Tuesday, February 21, 2006

Papiere, Bitte (Papers, Please)

Growing up as a child in World War II, I saw countless movies in which a German soldier in uniform, or a Gestapo agent in plain clothes, would utter the spine-chilling words “Papiere, Bitte” (“Papers, Please"). What made those words spine chilling was the fact that whoever they were uttered to was in imminent danger of arrest, imprisonment, torture, and execution. This was almost certain to be the fate of any hapless soul who was unfortunate enough not to have his “Papiere” or whose “Papiere” did not satisfy the German who examined them.

Now, over sixty years later, it appears that those dread words, “Papiere, Bitte,” will soon be spoken in English—“Papers, Please”— and with all kinds of British accents. This was reported exactly a week ago, in The New York Times of February 14, in an article titled “A Bit of Good News for Blair: ID Cards for Britons Advance.” The article reported, “The government of Prime Minister Tony Blair faced down its opposition on Monday in a politically charged vote in the House of Commons on a plan to introduce mandatory national identification cards.
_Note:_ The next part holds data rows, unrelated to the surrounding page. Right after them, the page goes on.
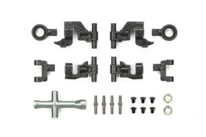 These are adjustable upper arms that can be used on any variant of the TT-02 chassis. The parts allow you to add or decrease wheel camber. Adding camber for racing purposes allows the car to alter its traction characteristics under turning and cornering.
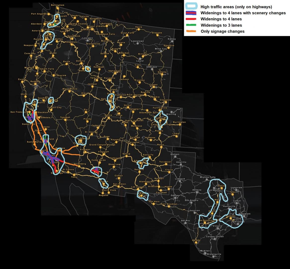 Credits: Mantrid – Lousiana completely rebuilt ShirBlackspots – Texas improvements Ways71 – Various scenery improvements along I-95
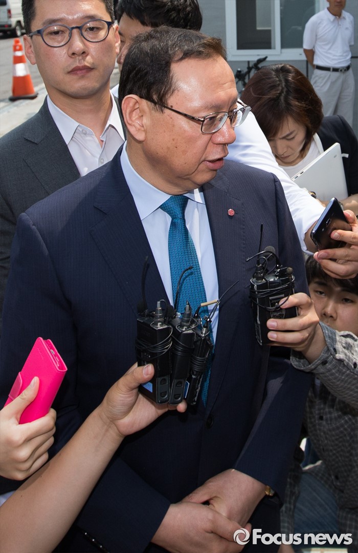 (서울=포커스뉴스) 조성진 LG전자 대표이사 사장이 10일 오전 '삼성전자 세탁기 파손' 재물손괴 등의 혐의로 항소심 선고 공판을 마치고 서울 서초구 서울고등법원을 나서며 취재진 질문에 답변하고 있다. 조 사장은 1심에 이어 2심에서도 무죄를 선고 받았다.

The vote moved Britain closer to the use of such cards but did not make clear precisely when that would be.”

Worse still, the United States may not be all that far behind Britain in the adoption of such a system. An op-ed piece in today’s New York Times is testing the waters. Titled “A Card We Should All Carry,” the article dares to assert that “a national ID can put power in the hands of the people.” It will allegedly do this by, among other things, providing access to a national database containing everyone’s complete medical history and by enabling people with no fixed address to more easily claim welfare benefits.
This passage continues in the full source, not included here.